Hier ist eine Sache unheimlich interessant. Die meist gestellte Frage in meinem E-Mail-Postfach und von Eltern talentierter Kinder lautet:
"Was kann man gegen Angst machen?!".
Ich zitiere nochmal die wichtige Stelle: "Sie ist überlebenswichtig. Wer keine Angst erleben kann, erkennt keine Gefahren. Wer keine Gefahren erkennt, stirbt früher".
Wenn du als Spieler im Match keine ängstlichen Gefühle hättest, dann würdest du dich kaum konzentrieren können. Leider konzentriert man sich im Match mehr auf seine negativen Emotionen, als auf den bevorstehenden Ballwechsel. Die Konzentration aber, die ist da.
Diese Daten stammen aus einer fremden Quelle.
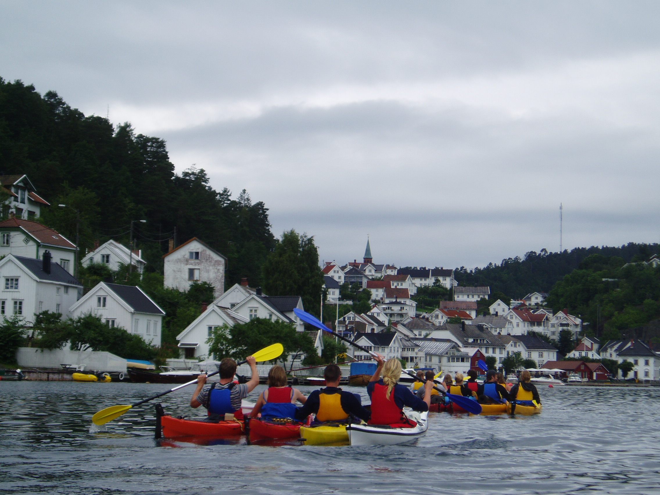 Søndag morgen var det litt grått, og idet vi satte oss i kajakkene kom det noen få drypp… Vi padlet sørover før vi rundet Apalen, og vendte nordøstover mot Tvedestrand. Vi hadde stille stund i kajakkene denne dagen, for det begynte å regne. Og da vi nærmet oss Tvedestrand, fant Hege på at vi må vel kunne ankomme med stil – følgelig ble det arrangert polynese med aspirantene som ledet an! Vi hadde flere runder på sjøen, både en og en, parvis, fire og fire kajakker ved siden av hverandre, ”tunnel” under årene osv!
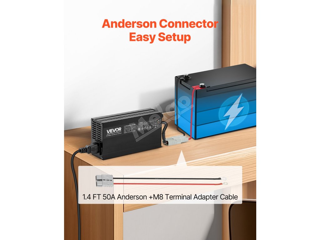 Naša inteligentná nabíjačka LiFePO4 umožňuje jednoduché pripojenie vďaka priloženému konektoru Anderson a káblu adaptéra svoriek M8 pre bezproblémové používanie.
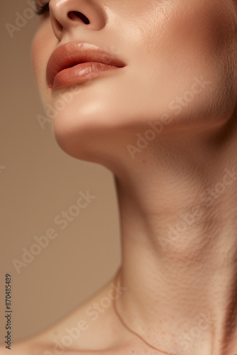 Beautiful beauty woman's neck and shoulder with perfectly soft and hydrated skin, close up detail part of the body.

Die "entwicklungsgeschichtlich" tief verankerte Angst kannst du nicht besiegen, wie deinen Gegner auf der anderen Seite des Netzes.
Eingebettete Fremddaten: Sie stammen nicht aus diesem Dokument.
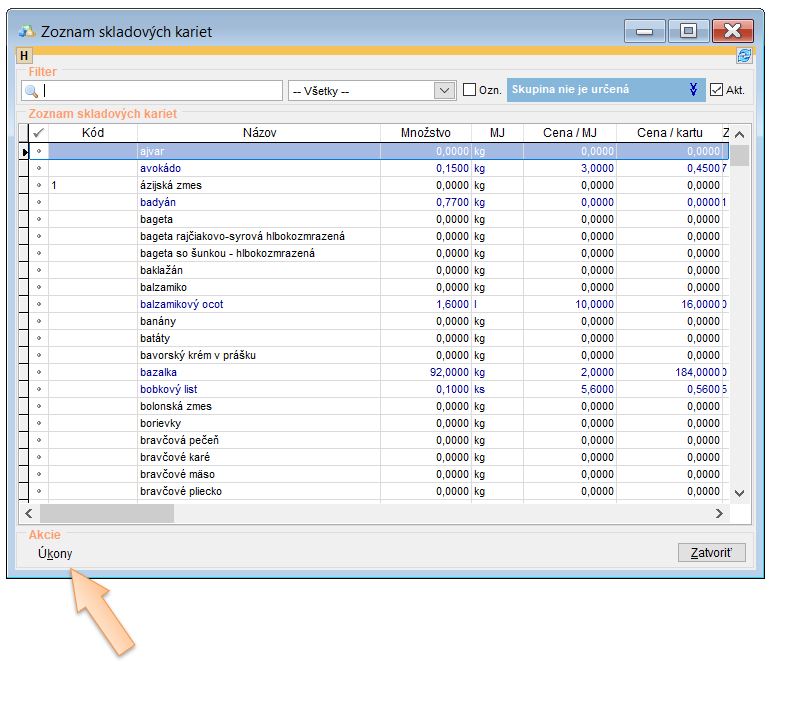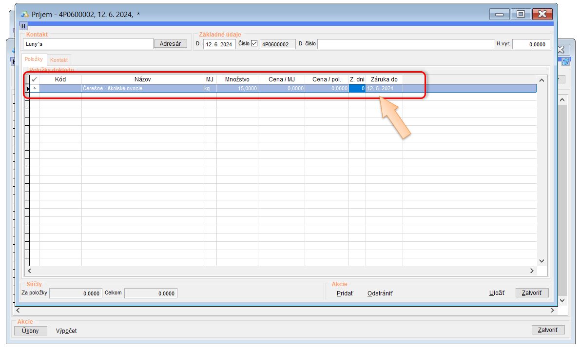 Takto vytvorenú skladovú kartu viete evidovať aj na sklade. Stačí vybrať dodávateľa, vyhľadať príslušnú kartu školského ovocia, zadať množstvo a nulovú cenu.
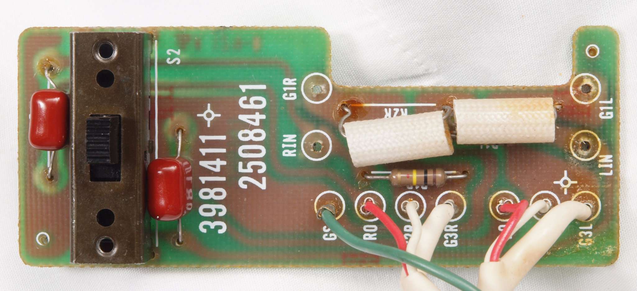 | C68. 修理中 入力RCA端子基板裏 L側もW−SWにする為、基板改造。 |
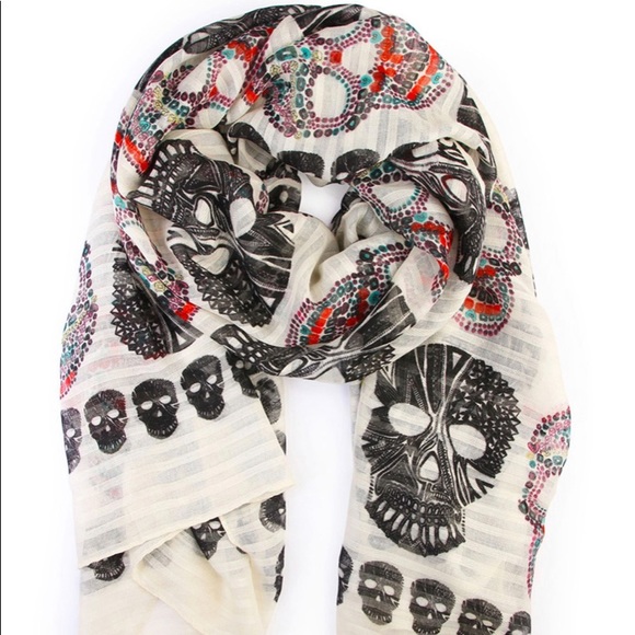 Super cute lightweight white oblong multicolored sugar skull scarf. Just in time for fall.
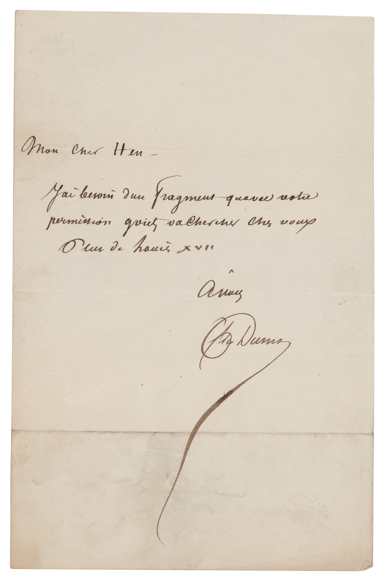 Prolific French writer (1802–1870) known for such classics as The Count of Monte Cristo and The Three Musketeers. ALS in French, signed “Ale. Dumas,” one page, 5.25 x 8.25, no date. Untranslated handwritten letter by Alexandre Dumas, pere. In fine condition.

Du solltest dir also nicht die Frage stellen, was du gegen deine Angst machen kannst. Du solltest dich fragen, was du mit deiner Angst machen kannst. Das gibt dir eine gesündere Perspektive.
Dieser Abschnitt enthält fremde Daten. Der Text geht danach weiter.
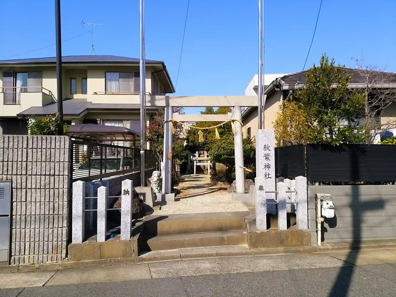 狭い神社です。民家と民家の隙間に神社ができたのでしょうか?小さい神社の両脇に民家ができたのでしょう…
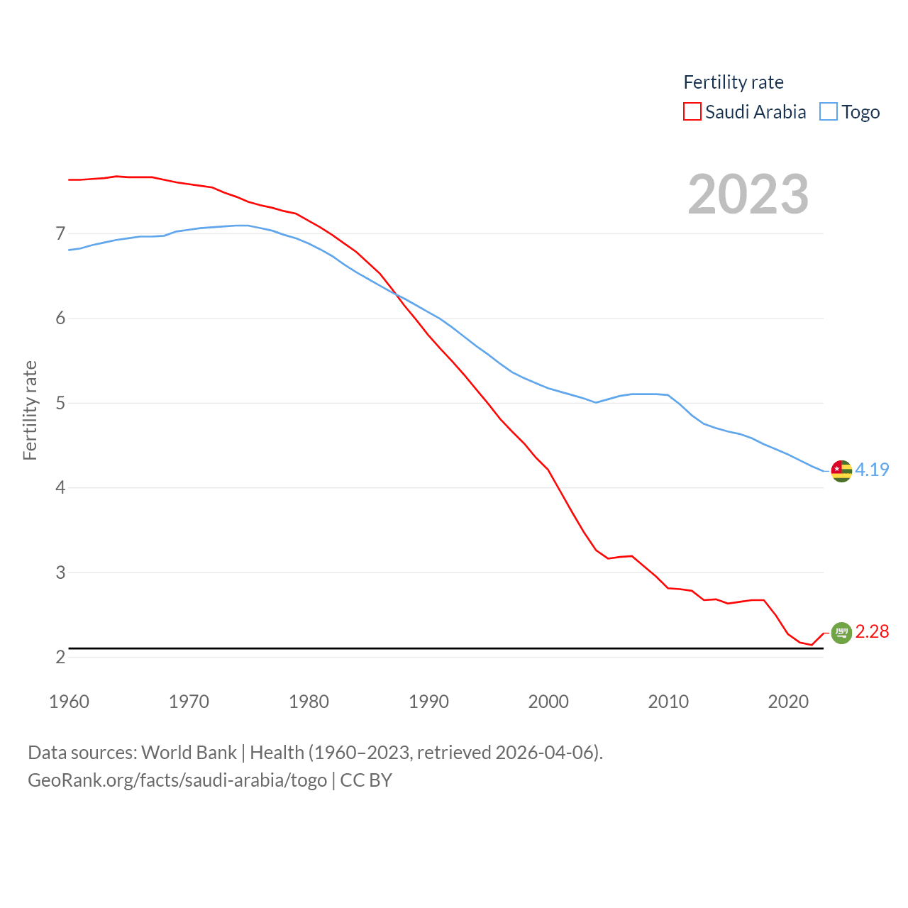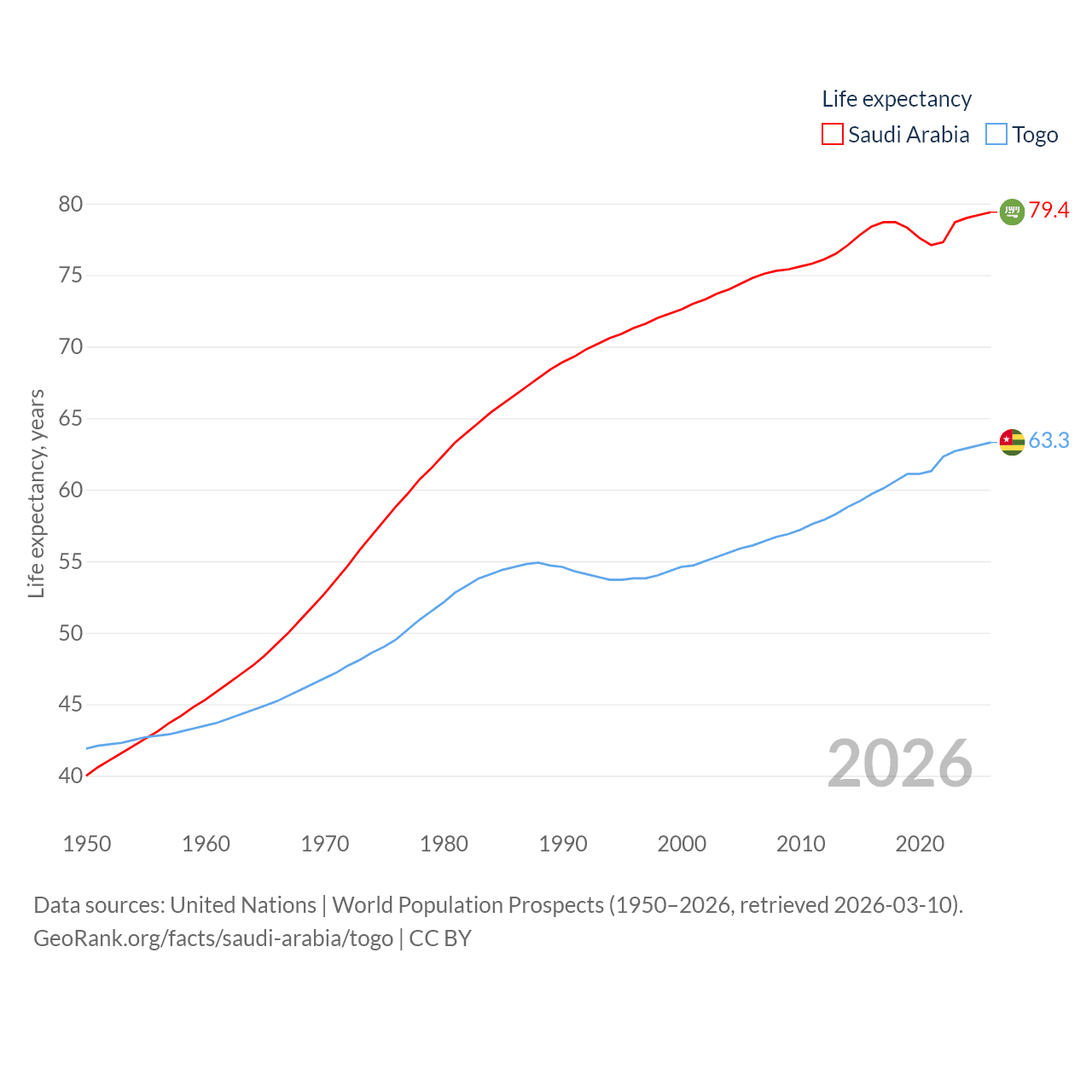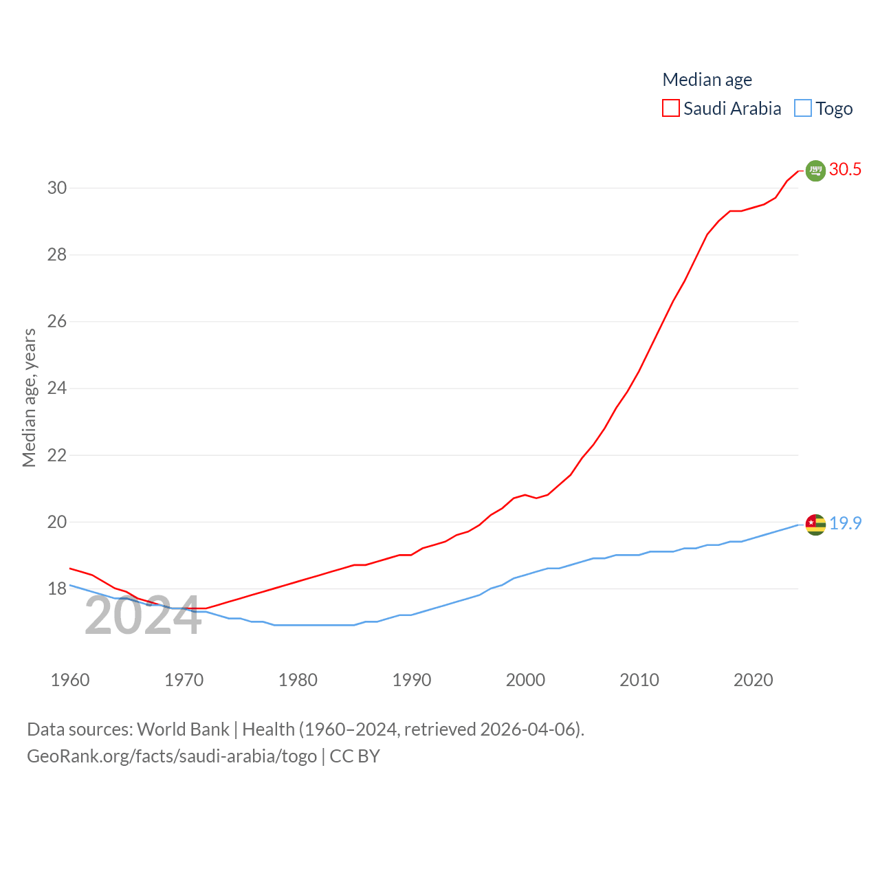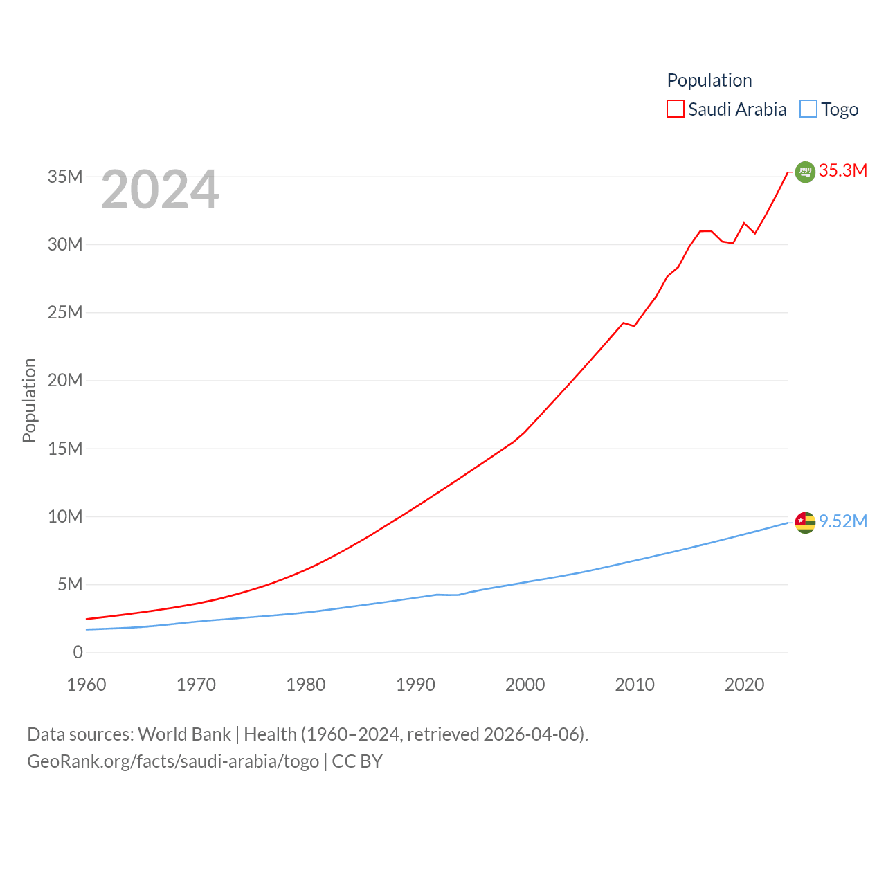 Saudi Arabia has a population of 35.3M (ranked 45/197), compared with 9.52M in Togo (ranked 98/197). Saudi Arabia's land area is 830,000 sq mi versus 21,000 sq mi for Togo (ranked 12th vs. 124th).

Eine Perspektive, aus der du besser im Match handeln kannst.
Roger Federer war dafür berühmt, immer mal wieder eine ordentliche Streuung in den Grundschlägen zu haben. Rafa Nadal ist zu Beginn eines Match sichtlich angespannt und weit weg von seiner Bestform.
Und du kennst mindestens fünf Spieler in deinem Verein, bei denen man mindestens dreimal als Zuschauer sagt:
"Mensch, das passiert dem aber auch immer ...!".
Frau Dr. Saimeh zu wiederkehrenden Verhaltensweisen, die uns bewusst sind, die wir aber trotzdem nicht ändern können:
"Entwicklungsgeschichtlich sind wir Bedürfnis-Wesen. Wir haften an Gewohnheiten, wenn diese uns für eine bestimmte Zeit irgendwie ein gutes Gefühl geben, uns beruhigen, unseren Selbstwert stabilisieren. Das Belohnungszentrum ist gewissermaßen der Gegenspieler unserer Vernunft. Wir tun Dinge, weil wir emotional etwas davon haben. Wir wollen genießen und knüpfen die Vorstellung von Genuss auch an Problemverhalten.".
Sehr schön und treffend finde ich den Satz:
"Das Belohnungszentrum ist gewissermaßen der Gegenspieler unserer Vernunft".
Ich habe früher zig Spielsituationen verbockt, in denen ich die Kugel nur noch hätte in das offene Feld schieben müssen. Aber nein, das wäre zu einfach gewesen. Es musste der perfekte Drop Shot sein. Der, der nach dem auftippen wieder zurück auf die eigene Seite springt.
Oder die simple Vorhand aus dem Halbfeld.
Der Punkt war schon gelaufen.
Der Gegner winkte bereits ab. Doch anstatt den Ball einfach ins Feld zu heben, musste es der perfekt aussehende Schlag kurz-cross sein, direkt ins T-Feld-Eck.
Vom kurz-cross leiten wir nun zum Fazit über.
Die Antwort fällt eindeutig aus: Nein.
Tennis ist eben mehr als ein paar gute Grundschläge und eine feine Technik. Dein Charakter kommt immer mit auf den Platz und spielt die wichtigsten Ballwechsel aktiv mit. Dein Charakter wiederum, der ist noch viel komplexer als jeder Schlag.
Der größte Denkfehler eines Tennisspielers ist, dass er denkt einen Denkfehler zu haben.
Frau Dr. Nahlah Saimeh konnte durch treffende Formulierungen klarstellen, dass beispielsweise Angst etwas vollkommen normales ist. Du hast durch diesen Artikel hoffentlich andere Sichtweisen auf dich und dein Tennis erhalten.
Du hast allen Grund dich in einem viel besseren Licht zu betrachten. Sei nicht so extrem kritisch mit dir und deinen Leistungen. Verzeihe dir schwächere Tage, akzeptiere Niederlagen und verfluche dich nicht ständig, wenn du mal nicht 60 Minuten am Stück perfektes Tennis zeigst.
Wie es so schön heißt:
Sei dir auf dem Platz ein Freund, kein Feind.